Over the last few months we developed the concept of Adaptive Plug and Play Components (APPCs) in our research group which resulted in an OOPSLA '98 paper by Mezini and Lieberherr. we got very good reviews such as the one in the following paragraph.

This is the kind of work that the software industry needs most. Hard core work, aimed at developing tangible and implementable mechanisms to help bridge the chasm between illusive design methodologies of arrows, bubbles, use cases, processes, etc., and the tough reality of the programmers in the trenches. Even the simple observation and unequivocal statement that a design segment should be a distinct lingual construct, have formal parameters that can be matched against several locations in the class graph merits honorable publication, since most previous work tried and failed to do so while using existing programming constructs (see e.g., observer pattern implementations using inheritance and templates). There is however in the paper much more than that, ...

The OOPSLA '98 paper has benefited from collaboration between EDCS participants. Don Batory from UT Austin had a paper on a related topic (mixin layers) at ECOOP '98. Batory's paper was for me one of the motivators for the APPCs.

APPCs go back to Helm's and Holland's specification contracts and Holland's implementation contracts described in his 1993 thesis at Northeastern. APPCs advance contracts because they are written with respect to a filter which allows to focus only on the important participants.
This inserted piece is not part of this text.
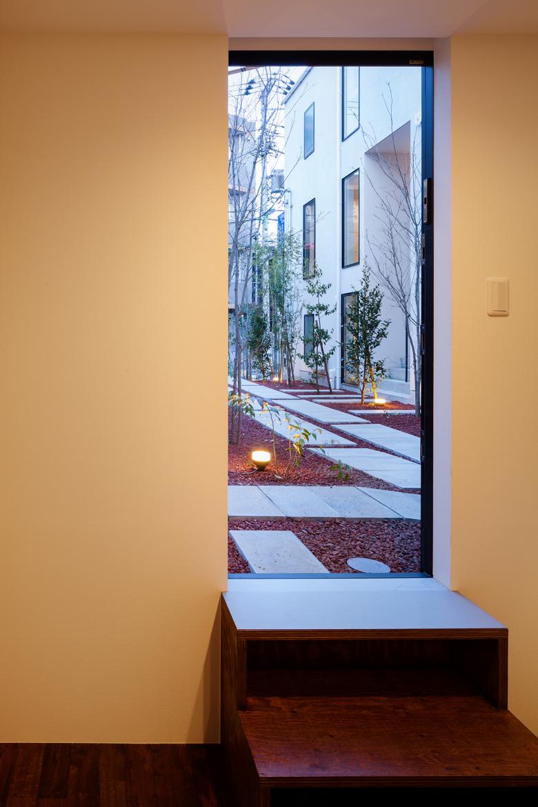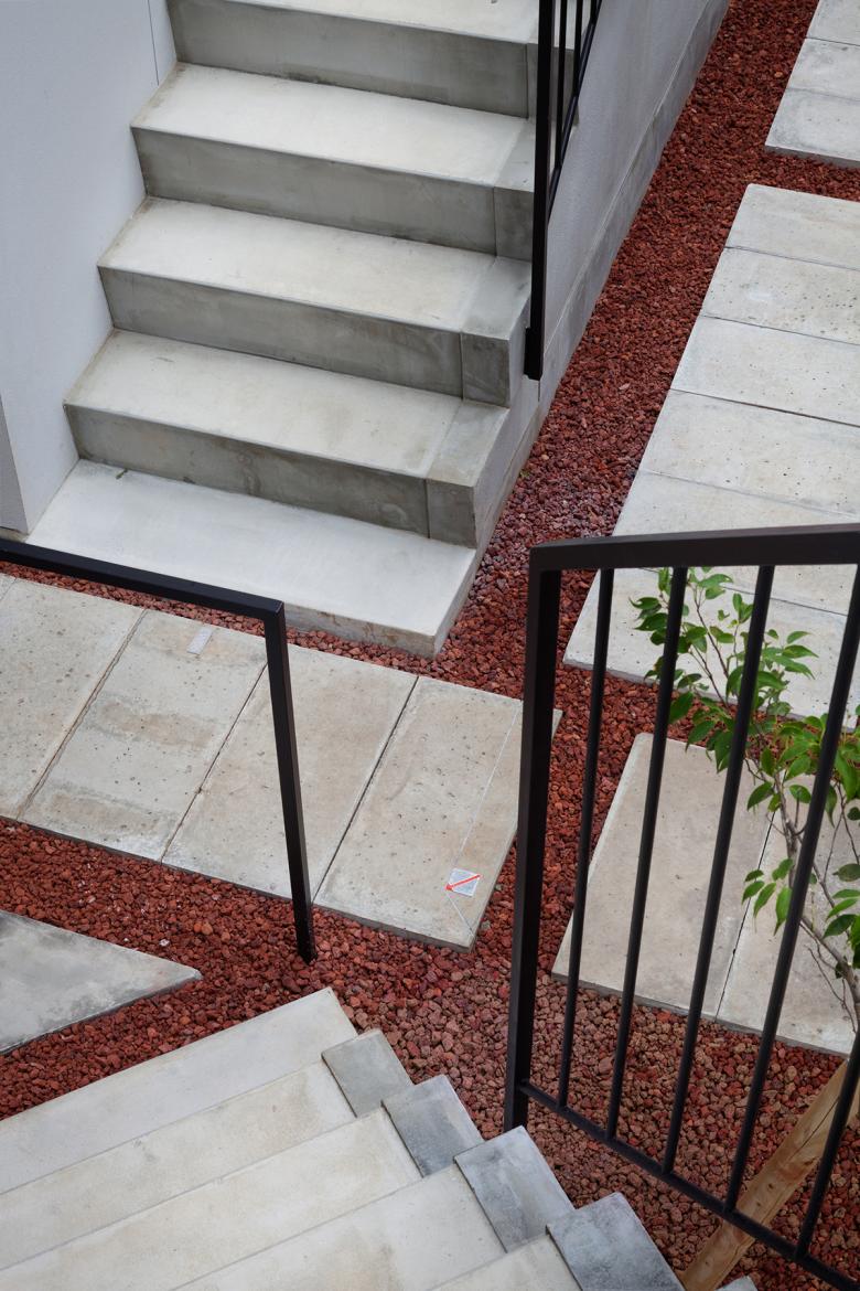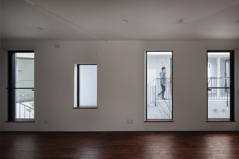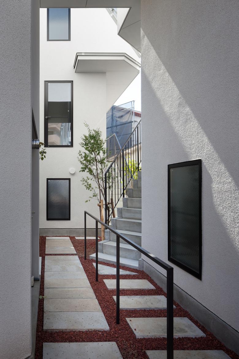 低層の住宅街における木造長屋の計画。建物の高さを抑えていくつかのボリュームに分け、専用階段の一部を外部として抜けを設けるなどして、敷地全体を明るく風通しよくすることを意図した。これが周辺街区に対しても、明るさを提供するだけでなく、道路に開放された公園のような場所として、都市空間として周囲に貢献したいと考えた。

We further developed and refined traversal strategies which are a new modeling tool for succinct traversal specifications. Our measurements show that a large percentage of the execution time of object-oriented applications is spent during object traversal. Traversals are ubiquitous and this insight justifies the development of traversal strategies as well as efficient implementations of them. The new contribution of traversal strategies is that traversals are now modeled as general graphs while before they were only series-parallel graphs. We also developed a significantly better compilation algorithm for the general case which outperforms our earlier algorithms for the special cases. We discovered a new use of traversal strategies: as a tool to match interface class graphs to implementation class graphs. This graph matching view of strategies lead us to the definition of different relations between graphs and the study of their computational complexity. We also looked into connections between the different relations.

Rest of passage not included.